To do: Your output should be the lines below from the one with "Картофельные чипсы, изолированные" through the one with "今日は学校でも6年生の先生に", copied exactly, pictures excluded.

Data excerpts:
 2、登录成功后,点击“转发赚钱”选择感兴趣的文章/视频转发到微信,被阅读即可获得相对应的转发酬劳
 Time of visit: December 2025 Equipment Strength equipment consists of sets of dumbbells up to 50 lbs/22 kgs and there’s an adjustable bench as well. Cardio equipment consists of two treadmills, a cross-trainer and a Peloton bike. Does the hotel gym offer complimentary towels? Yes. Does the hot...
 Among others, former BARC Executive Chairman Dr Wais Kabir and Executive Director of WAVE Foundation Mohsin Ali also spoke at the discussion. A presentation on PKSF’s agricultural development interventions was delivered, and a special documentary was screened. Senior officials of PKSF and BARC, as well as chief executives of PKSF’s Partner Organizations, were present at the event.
==
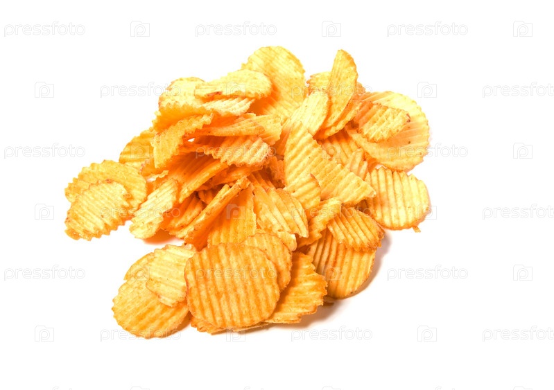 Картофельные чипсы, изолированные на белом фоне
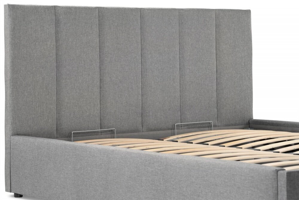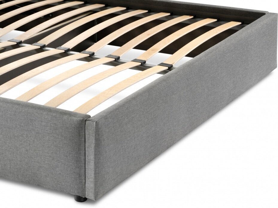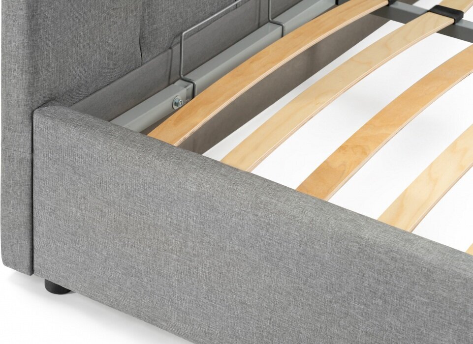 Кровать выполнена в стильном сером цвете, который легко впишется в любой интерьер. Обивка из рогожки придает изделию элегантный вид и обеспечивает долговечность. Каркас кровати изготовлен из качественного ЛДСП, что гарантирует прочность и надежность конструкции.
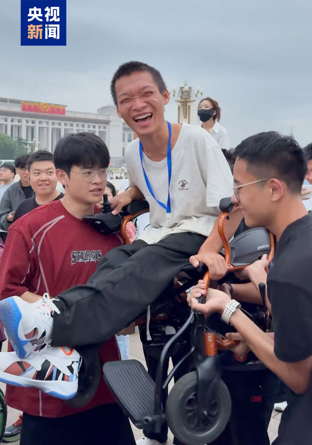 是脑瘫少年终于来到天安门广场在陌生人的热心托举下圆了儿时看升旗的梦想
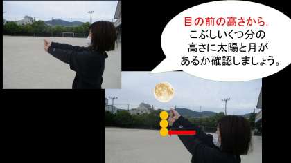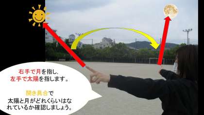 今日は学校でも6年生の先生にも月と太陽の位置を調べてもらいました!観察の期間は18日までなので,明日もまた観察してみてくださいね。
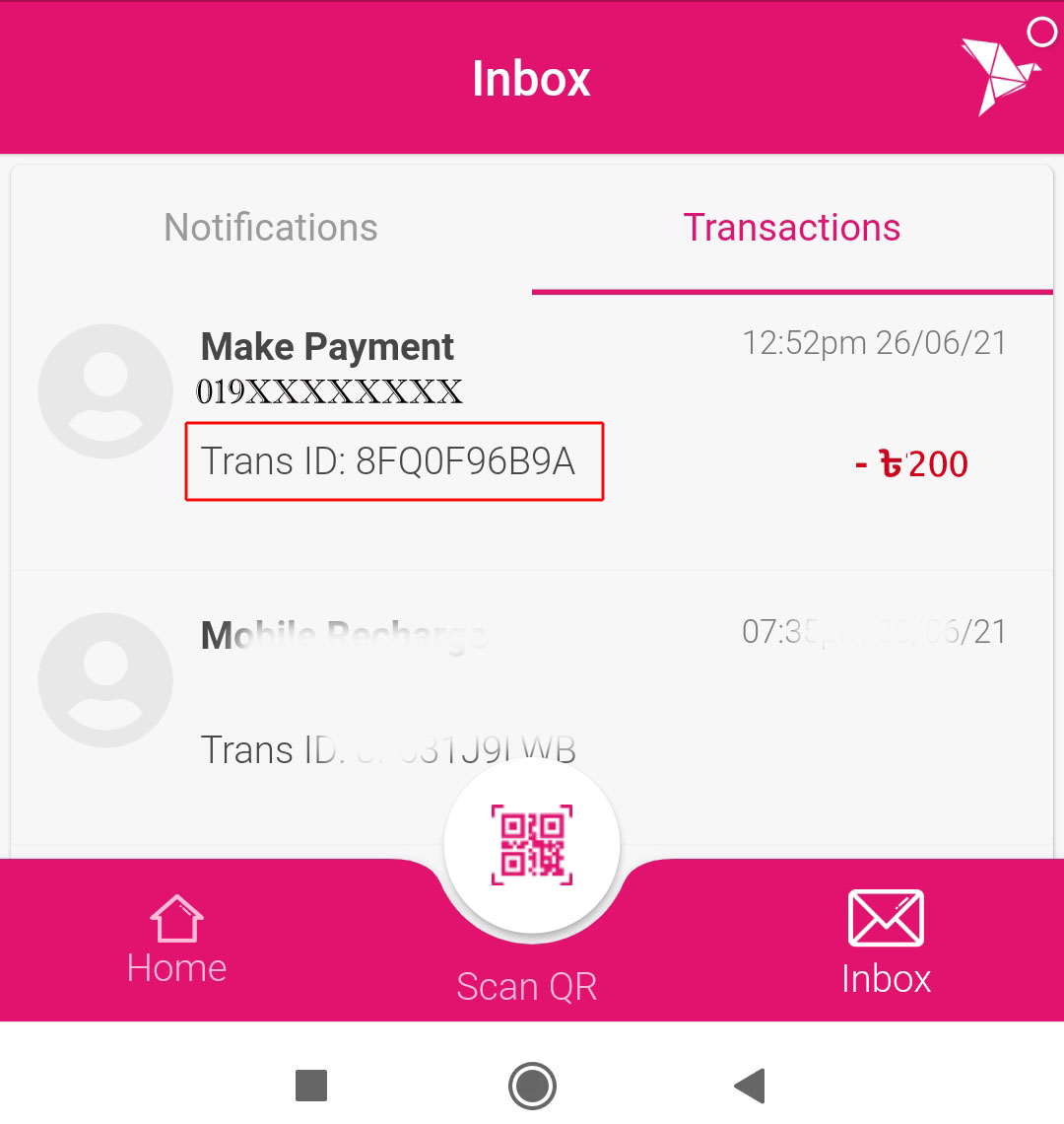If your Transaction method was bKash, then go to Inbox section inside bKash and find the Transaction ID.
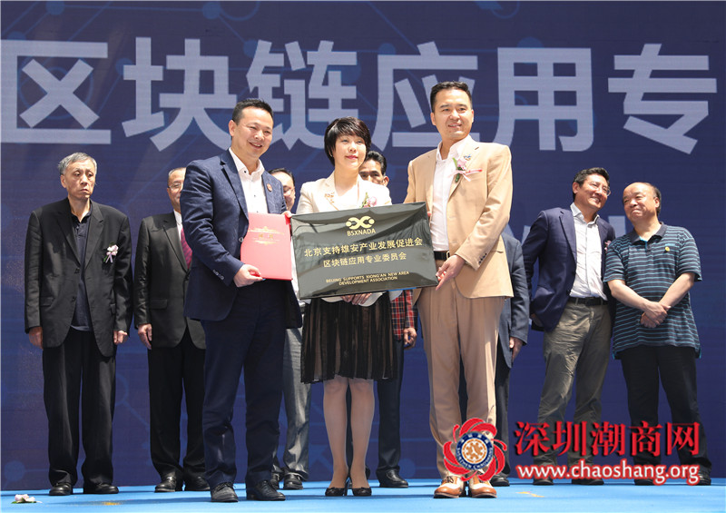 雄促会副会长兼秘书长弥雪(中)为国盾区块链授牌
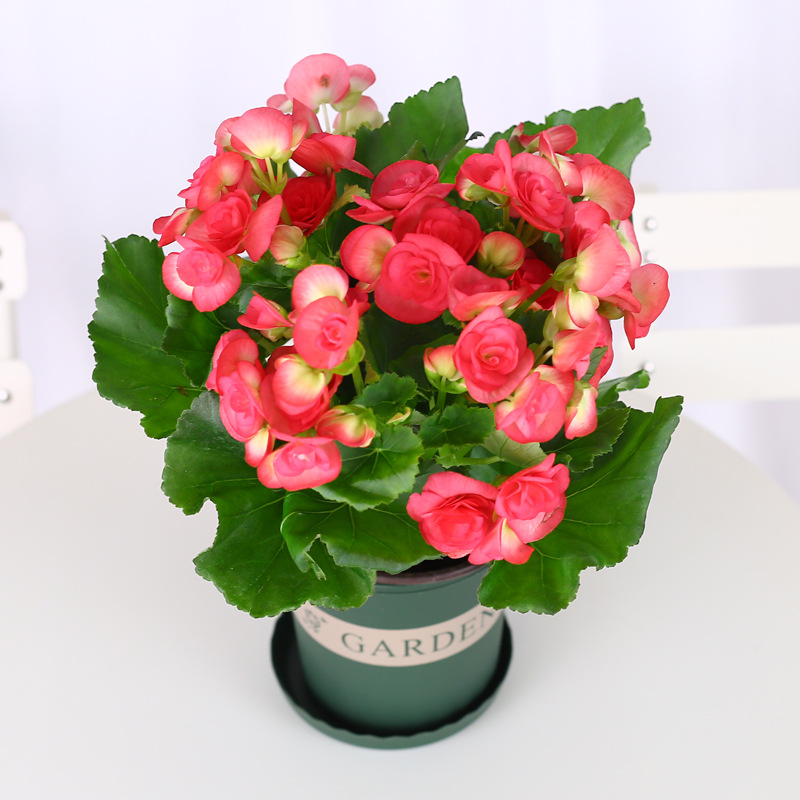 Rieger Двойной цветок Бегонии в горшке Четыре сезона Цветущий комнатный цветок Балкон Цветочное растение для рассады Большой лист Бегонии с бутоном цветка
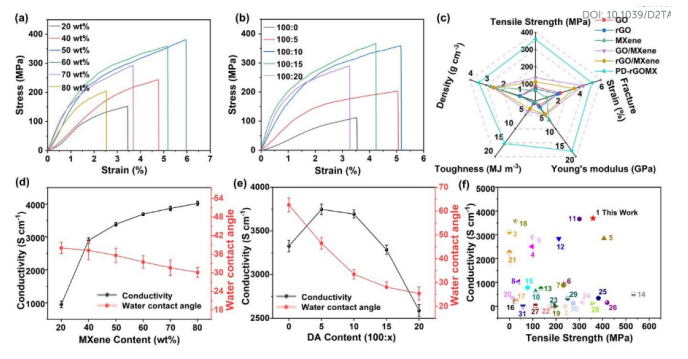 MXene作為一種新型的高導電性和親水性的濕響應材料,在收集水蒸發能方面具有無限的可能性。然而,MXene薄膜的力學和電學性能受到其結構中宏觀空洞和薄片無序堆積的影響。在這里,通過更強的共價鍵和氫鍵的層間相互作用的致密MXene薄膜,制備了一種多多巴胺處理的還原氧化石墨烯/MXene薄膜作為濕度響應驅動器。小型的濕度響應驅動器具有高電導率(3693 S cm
==
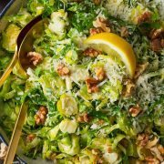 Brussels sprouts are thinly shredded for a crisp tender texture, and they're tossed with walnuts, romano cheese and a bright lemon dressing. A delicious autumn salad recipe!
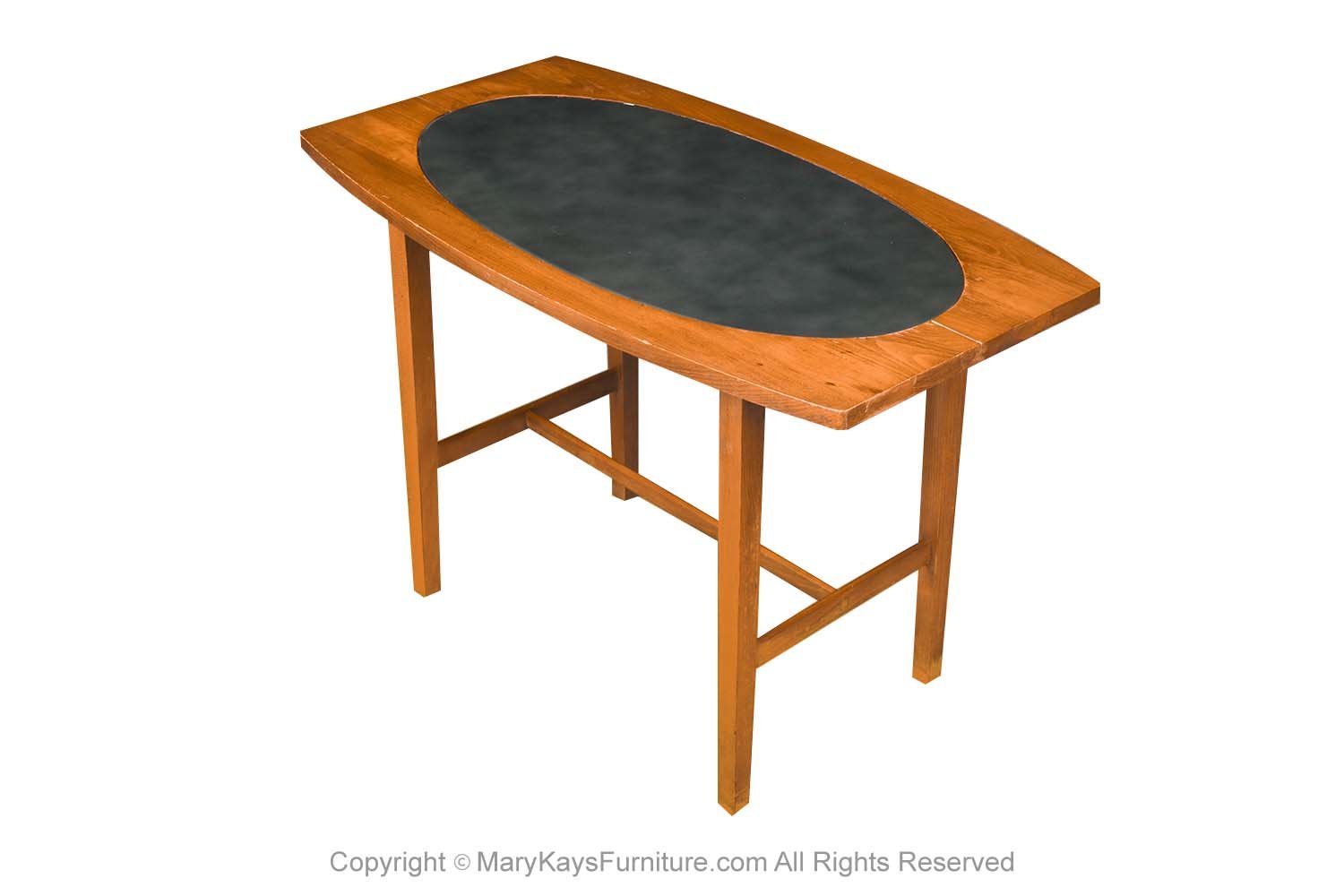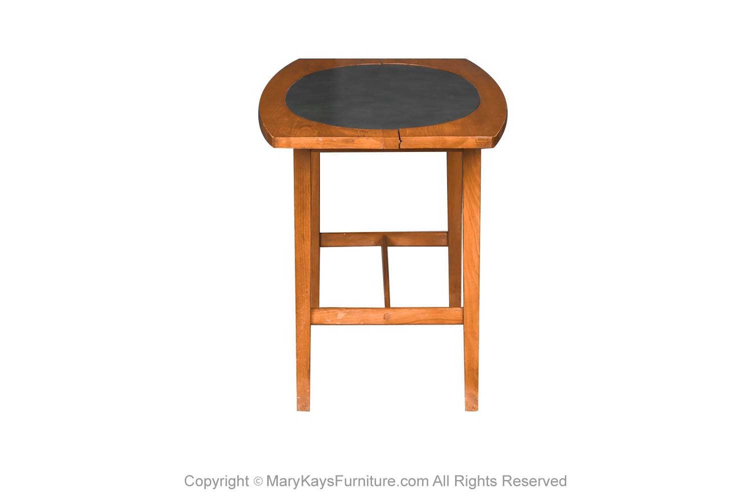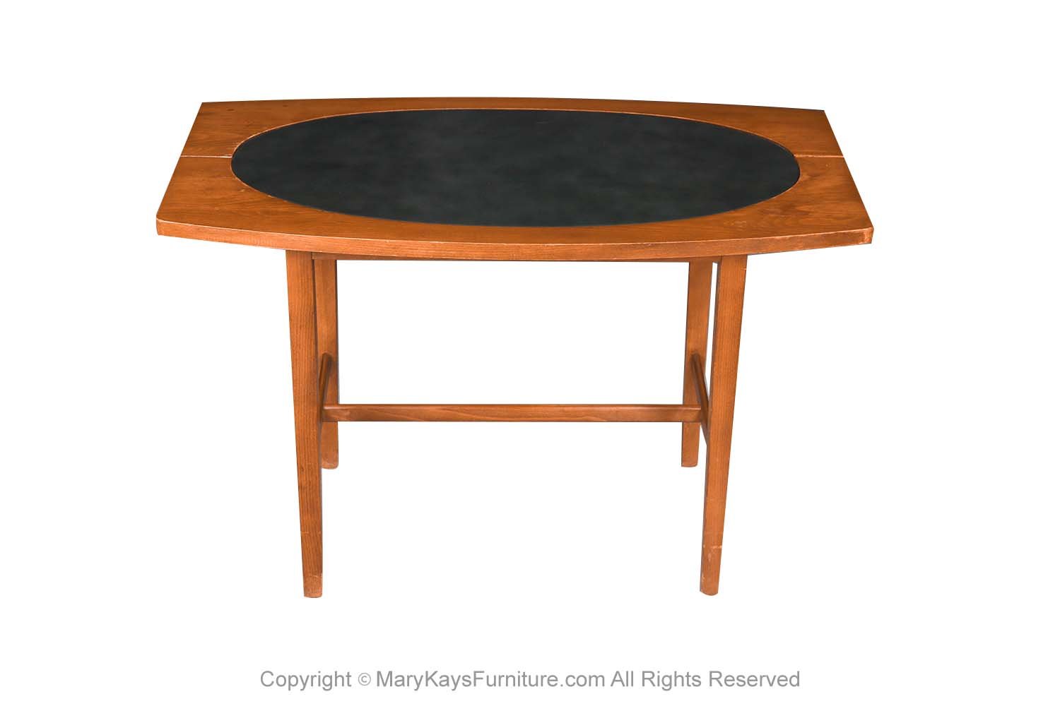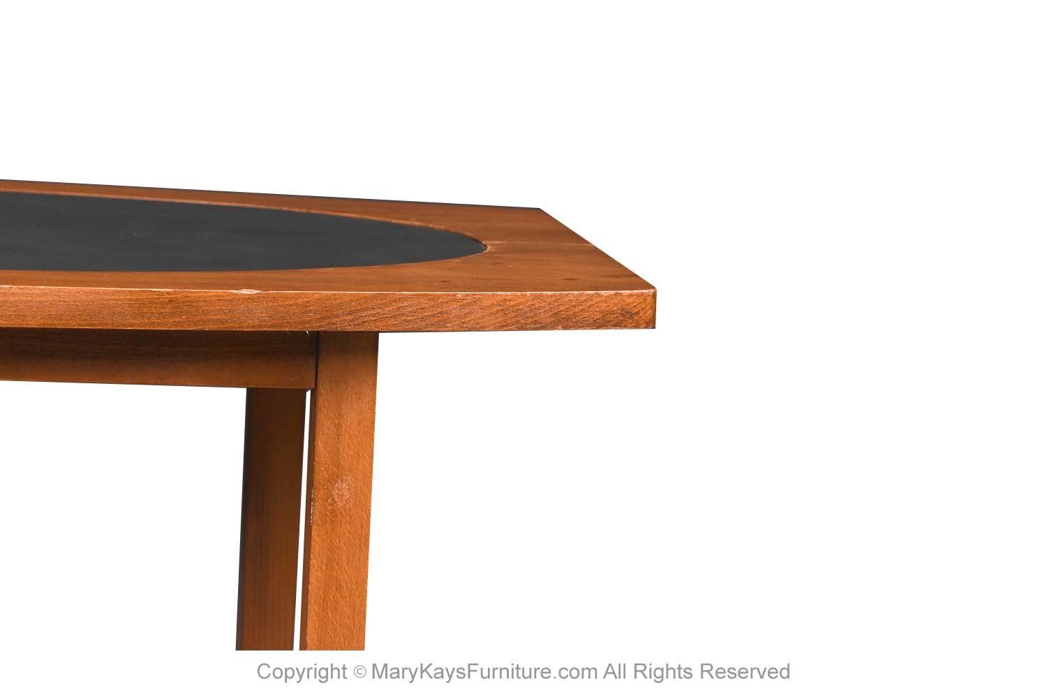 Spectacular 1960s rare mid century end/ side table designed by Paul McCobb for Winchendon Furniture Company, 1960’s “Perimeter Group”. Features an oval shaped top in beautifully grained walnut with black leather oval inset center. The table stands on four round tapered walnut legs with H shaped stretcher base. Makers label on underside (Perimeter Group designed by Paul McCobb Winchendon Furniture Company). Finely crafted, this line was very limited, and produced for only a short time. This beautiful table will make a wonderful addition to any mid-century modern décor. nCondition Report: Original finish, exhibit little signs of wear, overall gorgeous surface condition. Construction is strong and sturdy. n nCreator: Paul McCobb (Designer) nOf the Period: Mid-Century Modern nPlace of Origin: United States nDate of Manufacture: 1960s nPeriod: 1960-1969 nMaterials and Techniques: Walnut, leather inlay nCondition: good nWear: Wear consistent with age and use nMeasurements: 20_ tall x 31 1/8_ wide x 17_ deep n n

Finished exercise:
 Картофельные чипсы, изолированные на белом фоне
 Кровать выполнена в стильном сером цвете, который легко впишется в любой интерьер. Обивка из рогожки придает изделию элегантный вид и обеспечивает долговечность. Каркас кровати изготовлен из качественного ЛДСП, что гарантирует прочность и надежность конструкции.
 是脑瘫少年终于来到天安门广场在陌生人的热心托举下圆了儿时看升旗的梦想
 今日は学校でも6年生の先生にも月と太陽の位置を調べてもらいました!観察の期間は18日までなので,明日もまた観察してみてくださいね。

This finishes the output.